Au-delà de l’amélioration des performances hospitalières, cet investissement répond également à un impératif économique. En renforçant les capacités techniques des établissements publics, les autorités entendent limiter le recours aux évacuations sanitaires à l’étranger, dont le coût pèse chaque année sur les finances publiques comme sur les ménages confrontés à des pathologies nécessitant des soins spécialisés.

L’efficacité des investissements conditionnée par une meilleure gouvernance

Si les infrastructures et les équipements constituent un levier essentiel de modernisation, les autorités estiment que leur impact dépendra avant tout de la qualité de leur gestion. À cette occasion, le chef de l’État a insisté sur la nécessité d’assurer une utilisation rigoureuse des nouveaux matériels, de mettre en place un dispositif permanent de maintenance et de préserver ces investissements sur le long terme.

Le président de la République a également appelé à un renforcement des mécanismes de contrôle au sein des structures hospitalières, dénonçant les détournements de médicaments destinés au secteur public. De telles pratiques, a-t-il souligné, fragilisent l’offre de soins, augmentent les dépenses des patients et réduisent l’efficacité des politiques publiques engagées dans le secteur de la santé.

L’amélioration de la qualité des services figure également parmi les priorités affichées. Les responsables hospitaliers ont ainsi été invités à renforcer les conditions d’accueil des usagers, tandis que le rétablissement du service de restauration au Centre hospitalier universitaire de Libreville (CHUL) et au CHU d’Owendo a été annoncé afin d’améliorer les conditions d’hospitalisation. Le chef de l’État a, par ailleurs, demandé que les médecins bénéficient effectivement de leur affiliation à la CNAMGS afin de renforcer leur couverture sociale.

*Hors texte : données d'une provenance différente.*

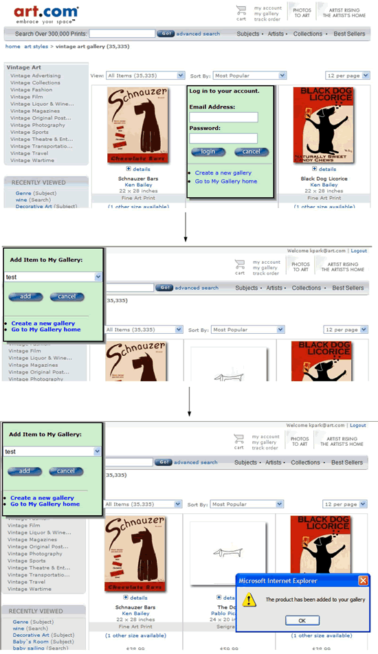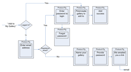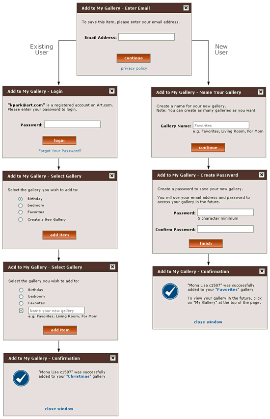 - If new users want to save an item, they are forced to exit the flow, register for an account, create a new gallery in My Account, and then come back to use this feature.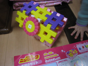 クリスマスプレゼントが届きました。 ちびっ子のばぁばからの贈り物。(笑) いつもショッピングモールのキッズコーナーで遊んでいたブロックが箱入りでやってきました。 もぅ、大喜び。 夢中で遊んでは 「こで、作って~」 攻撃。こんなもの作れます、の見本写真カタログが入っていたのね。 リクエストに応えて宝箱を組み立ててみました。面白い。大人もはまりそう。(笑) 宝箱の中からは何が見えるかな。ちびっ子視点の写真は面白いね。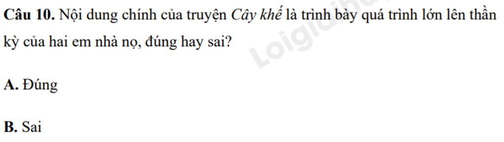 Câu 10. Nội dung chính của truyện Cây khế là trình bày quá trình lớn lên thần kỳ của hai em nhà nọ, đúng hay sai?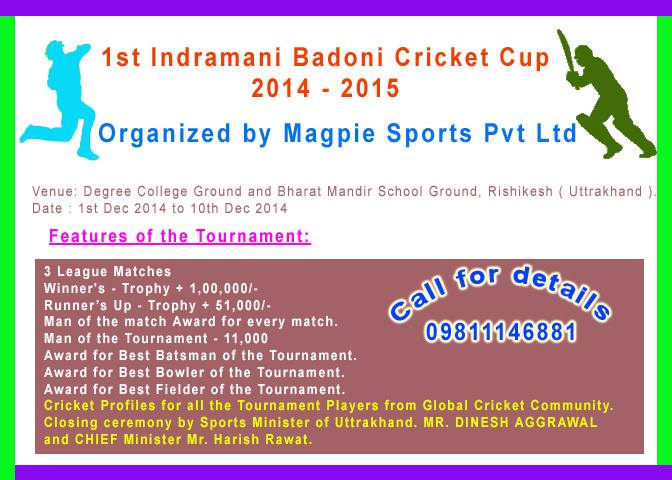 1st Indramani Badoni Cricket Cup will be start 1st December ...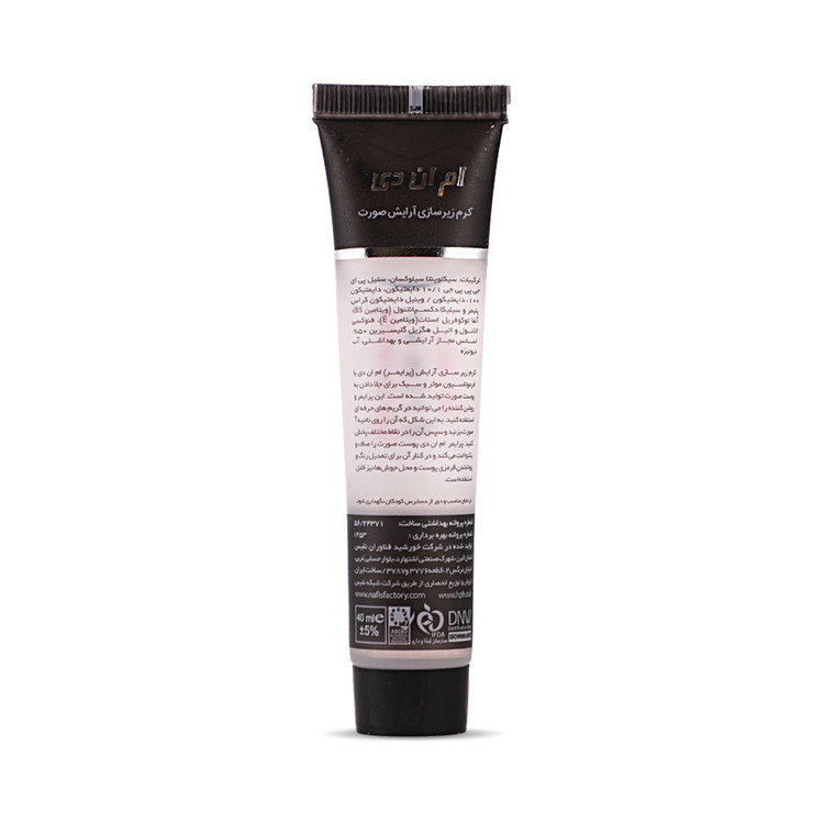 مقداری از پرایمر ام ان دی را برداشته و روی قسمت T صورت بمالید و بعد آن را روی کل صورت پخش نمایید. بعد از حدود 30 ثانیه زیرسازی آرایشتان را شروع کنید.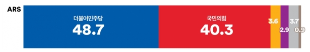 2. 정당지지도 : 국민의힘 40.3% vs 더불어민주당 48.7%(ARS)

Le capital humain placé au cœur de la réforme sanitaire

Au cours des échanges avec les professionnels de santé, plusieurs préoccupations relatives aux conditions de travail ont été soulevées. Les représentants du personnel ont notamment évoqué les questions de rémunération, de gestion des ressources humaines, de reconnaissance professionnelle ainsi que les contraintes auxquelles sont confrontés les agents dans l’exercice quotidien de leurs missions.

Les autorités ont indiqué que ces préoccupations seront intégrées dans la poursuite des réformes du secteur, considérant que la performance du système hospitalier repose autant sur la compétence des équipes que sur les investissements matériels.

À l’Institut des Maladies Infectieuses Professeur Daniel Gahouma, le déploiement des nouveaux équipements sera accompagné d’un programme de formation destiné aux personnels techniques et médicaux. Cette montée en compétences vise à garantir une exploitation optimale des installations, à assurer leur maintenance et à renforcer progressivement l’autonomie du pays dans la gestion de technologies médicales de pointe.

En mobilisant 18 milliards de FCFA pour moderniser le plateau technique de deux établissements stratégiques, les pouvoirs publics cherchent à améliorer durablement l’offre de soins tout en renforçant l’efficience de la dépense publique. Cette orientation traduit la volonté de faire du secteur de la santé un investissement structurant, capable d’accroître la qualité des services hospitaliers et de soutenir le développement du capital humain, un facteur déterminant pour la croissance économique du pays.